● Dataset section:
* * *

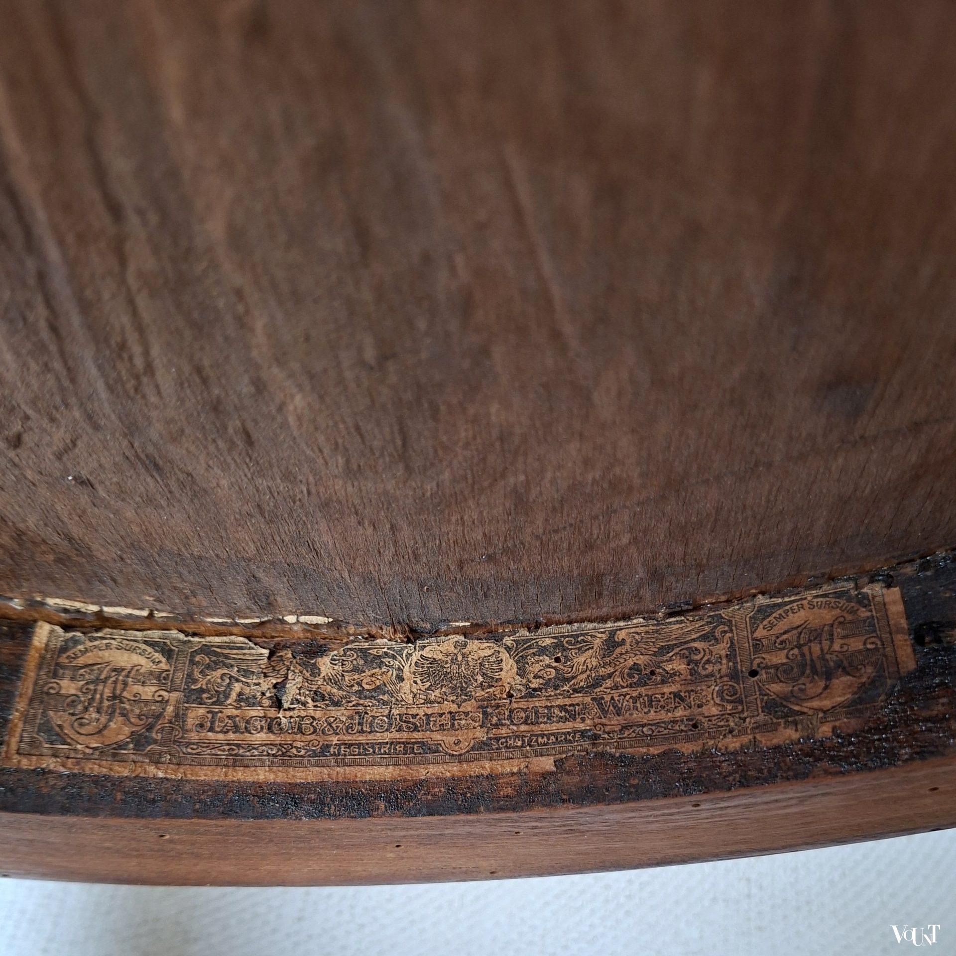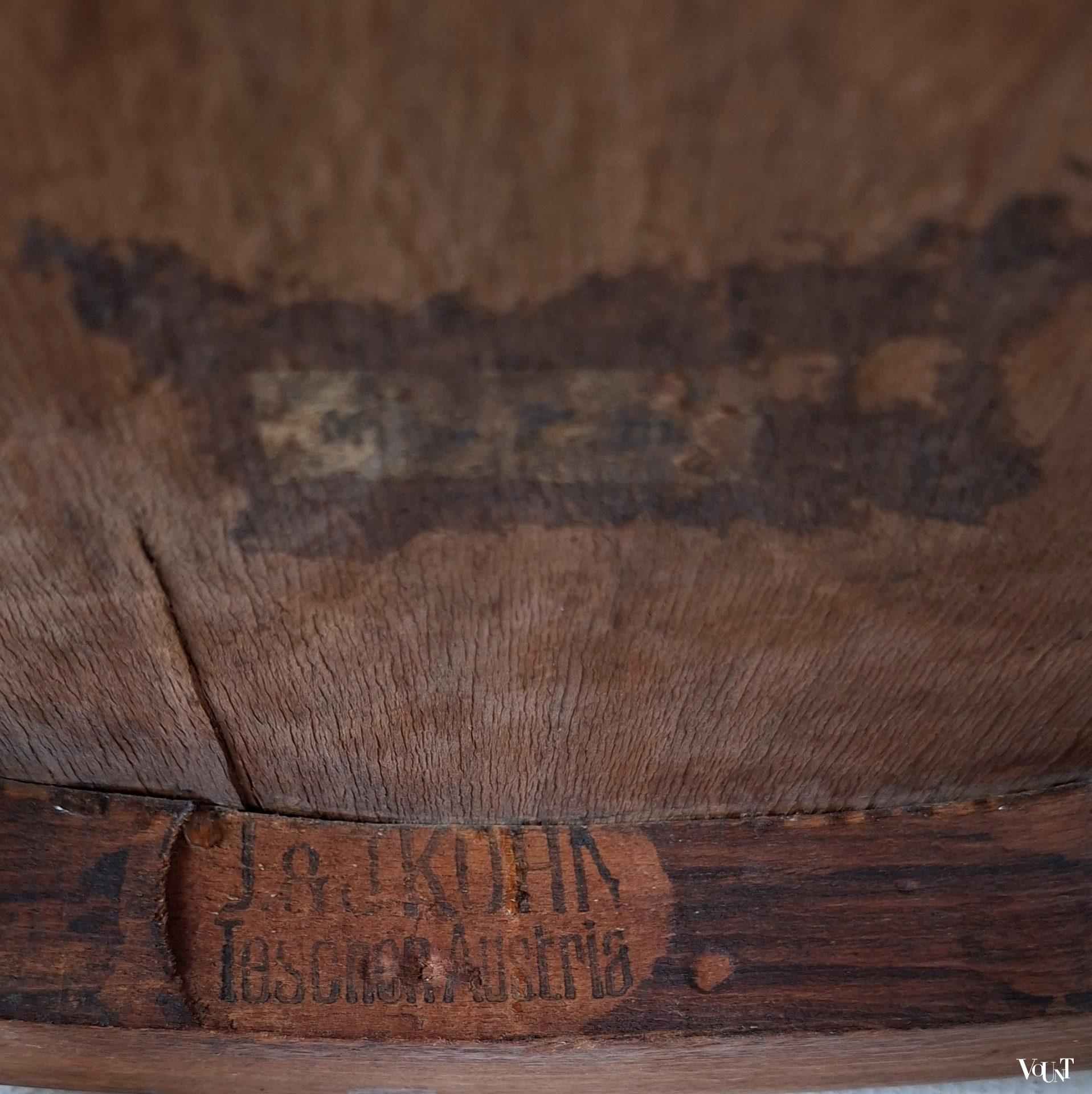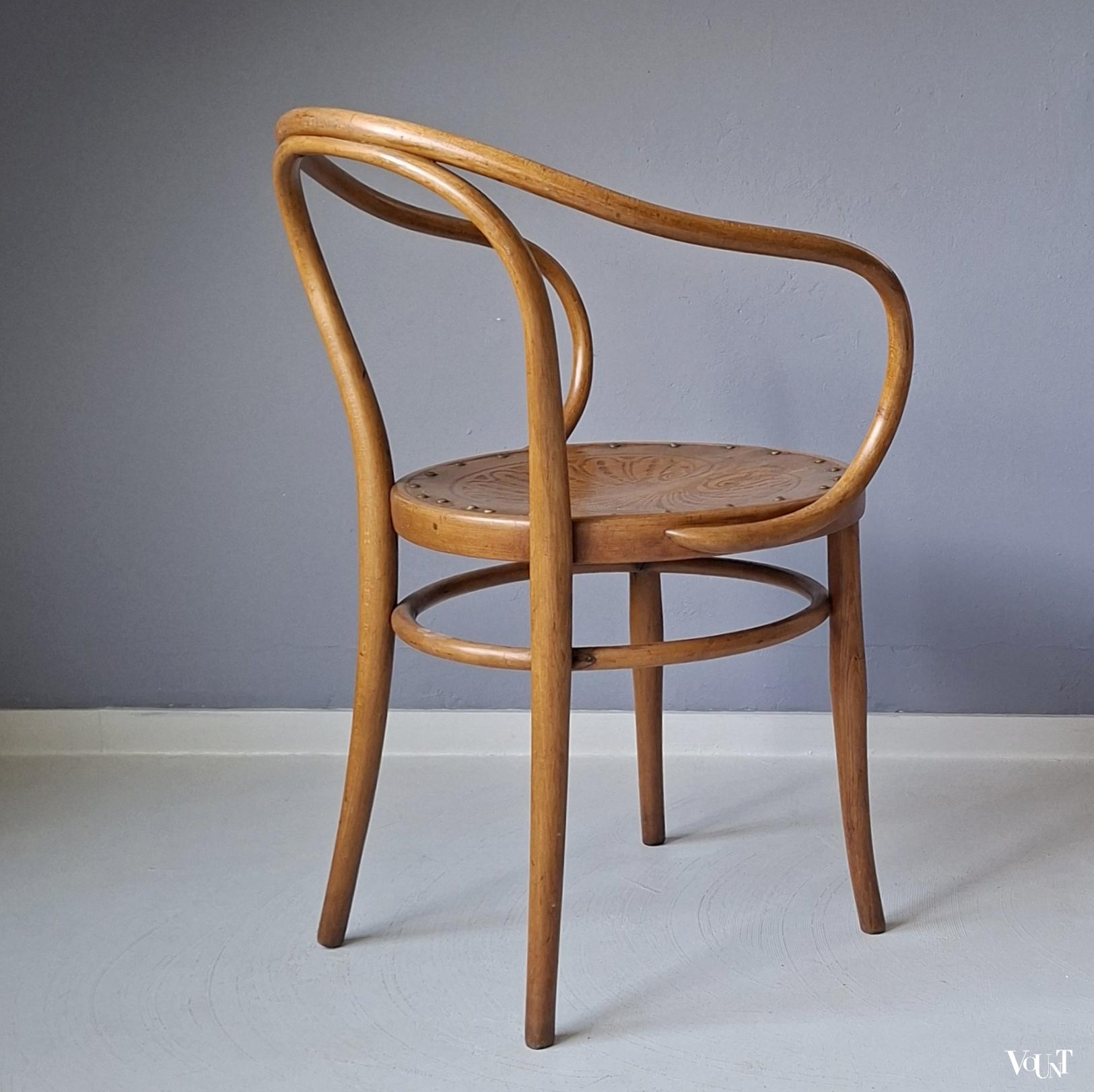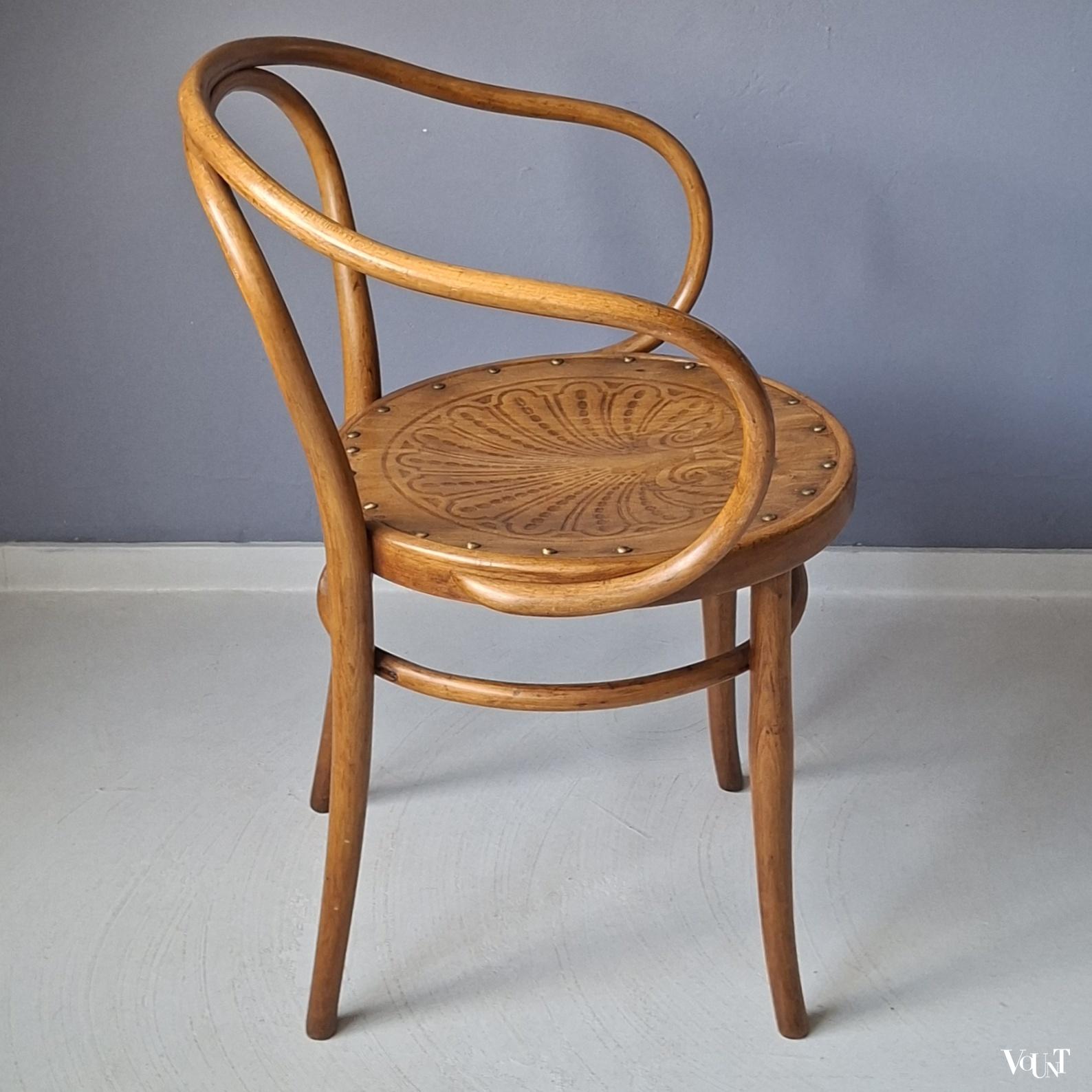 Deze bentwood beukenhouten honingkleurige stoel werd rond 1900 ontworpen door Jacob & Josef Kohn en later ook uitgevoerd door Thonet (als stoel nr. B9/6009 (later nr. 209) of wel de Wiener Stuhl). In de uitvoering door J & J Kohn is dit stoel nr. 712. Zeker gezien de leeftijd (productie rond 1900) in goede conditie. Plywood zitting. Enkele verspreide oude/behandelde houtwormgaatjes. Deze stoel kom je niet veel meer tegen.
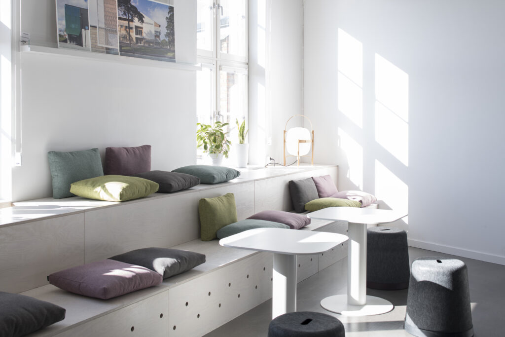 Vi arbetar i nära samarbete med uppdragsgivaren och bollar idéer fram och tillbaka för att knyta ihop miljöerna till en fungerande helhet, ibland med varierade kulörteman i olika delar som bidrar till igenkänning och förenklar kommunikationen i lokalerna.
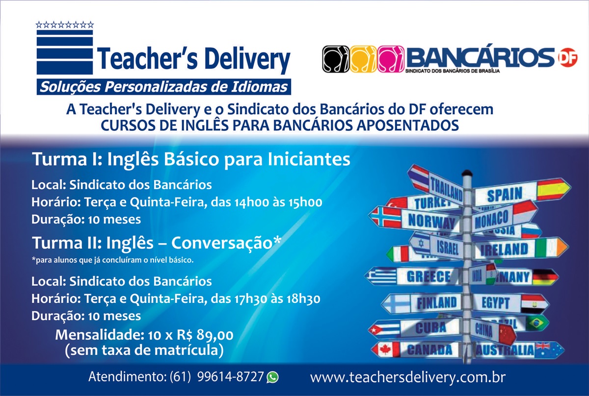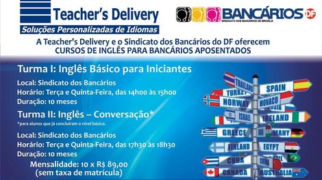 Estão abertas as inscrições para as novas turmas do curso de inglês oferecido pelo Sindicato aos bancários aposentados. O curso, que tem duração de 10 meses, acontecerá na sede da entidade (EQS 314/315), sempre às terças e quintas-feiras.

* * *

● What the task asks:
The reply should repeat the listing above exactly and contain no pictures.

● Response area:
 Deze bentwood beukenhouten honingkleurige stoel werd rond 1900 ontworpen door Jacob & Josef Kohn en later ook uitgevoerd door Thonet (als stoel nr. B9/6009 (later nr. 209) of wel de Wiener Stuhl). In de uitvoering door J & J Kohn is dit stoel nr. 712. Zeker gezien de leeftijd (productie rond 1900) in goede conditie. Plywood zitting. Enkele verspreide oude/behandelde houtwormgaatjes. Deze stoel kom je niet veel meer tegen.
 Vi arbetar i nära samarbete med uppdragsgivaren och bollar idéer fram och tillbaka för att knyta ihop miljöerna till en fungerande helhet, ibland med varierade kulörteman i olika delar som bidrar till igenkänning och förenklar kommunikationen i lokalerna.
 Estão abertas as inscrições para as novas turmas do curso de inglês oferecido pelo Sindicato aos bancários aposentados. O curso, que tem duração de 10 meses, acontecerá na sede da entidade (EQS 314/315), sempre às terças e quintas-feiras.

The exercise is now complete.